Using Q of 0.002715292m3/s, ρ of 1000kg/m3, V of 1.38288689m/s, d of 0.05m, and μ of 0.0008Pa*s; Re was found to be 86,430.43059≈10^4. Similarly, using ε of 0.0025mm and d of 50mm; RPR was found to be 0.0005≈5^-5. Using the obtained Re and RPR values, an approximate λ of 0.011 was obtained. And using L of 300m and g of 9.81m/s2, dH of 6.433069615m was obtained; h of 2m was also obtained from the end and start point elevations.
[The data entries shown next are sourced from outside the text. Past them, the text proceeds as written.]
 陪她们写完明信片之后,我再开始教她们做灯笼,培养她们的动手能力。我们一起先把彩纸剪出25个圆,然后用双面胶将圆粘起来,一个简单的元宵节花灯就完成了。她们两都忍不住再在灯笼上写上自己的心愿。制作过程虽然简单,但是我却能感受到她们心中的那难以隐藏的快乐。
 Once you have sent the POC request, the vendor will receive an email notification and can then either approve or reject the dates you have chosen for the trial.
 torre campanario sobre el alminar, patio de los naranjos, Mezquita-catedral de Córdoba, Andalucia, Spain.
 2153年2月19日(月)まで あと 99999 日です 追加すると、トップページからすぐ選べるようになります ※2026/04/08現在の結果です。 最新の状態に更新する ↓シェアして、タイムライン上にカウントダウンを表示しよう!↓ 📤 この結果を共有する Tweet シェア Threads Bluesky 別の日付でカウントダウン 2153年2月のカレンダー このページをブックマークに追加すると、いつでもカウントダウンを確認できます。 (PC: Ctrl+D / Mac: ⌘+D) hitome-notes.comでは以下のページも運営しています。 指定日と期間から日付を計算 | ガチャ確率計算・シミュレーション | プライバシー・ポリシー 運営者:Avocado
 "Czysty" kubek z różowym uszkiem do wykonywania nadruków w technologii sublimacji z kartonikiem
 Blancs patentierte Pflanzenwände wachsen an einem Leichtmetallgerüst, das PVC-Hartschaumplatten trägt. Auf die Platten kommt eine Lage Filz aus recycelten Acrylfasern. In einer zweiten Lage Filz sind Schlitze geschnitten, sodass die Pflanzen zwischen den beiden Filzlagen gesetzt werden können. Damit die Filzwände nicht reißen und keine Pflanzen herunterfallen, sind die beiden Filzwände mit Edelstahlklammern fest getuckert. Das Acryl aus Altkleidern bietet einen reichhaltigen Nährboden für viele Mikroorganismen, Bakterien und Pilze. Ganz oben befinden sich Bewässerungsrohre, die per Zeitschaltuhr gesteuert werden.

Therefore, H was found to be 8.433069615m or 0.843306961 bars.

3.4 Empirical Head/Pressure

For Oryang-Ojuma, the installed pressure gauge reading was found to be 1.1 bars; and since this is greater than the H of 0.246001879 bars, there will be sufficient pressure for water supply and meeting water demand for the next ten (10) years till the year 2032.

For Oryang-Ojuma A North, the installed pressure gauge reading was found to be 2.3 bars; and since this is greater than the H of -2.290727698 bars, there will be sufficient pressure for water supply and meeting water demand for the next ten (10) years till the year 2032.

For Pagen, the installed pressure gauge reading was found to be 1.8 bars; and since this is greater than the H of 0.72257787 bars, there will be sufficient pressure for water supply and meeting water demand for the next ten (10) years till the year 2032.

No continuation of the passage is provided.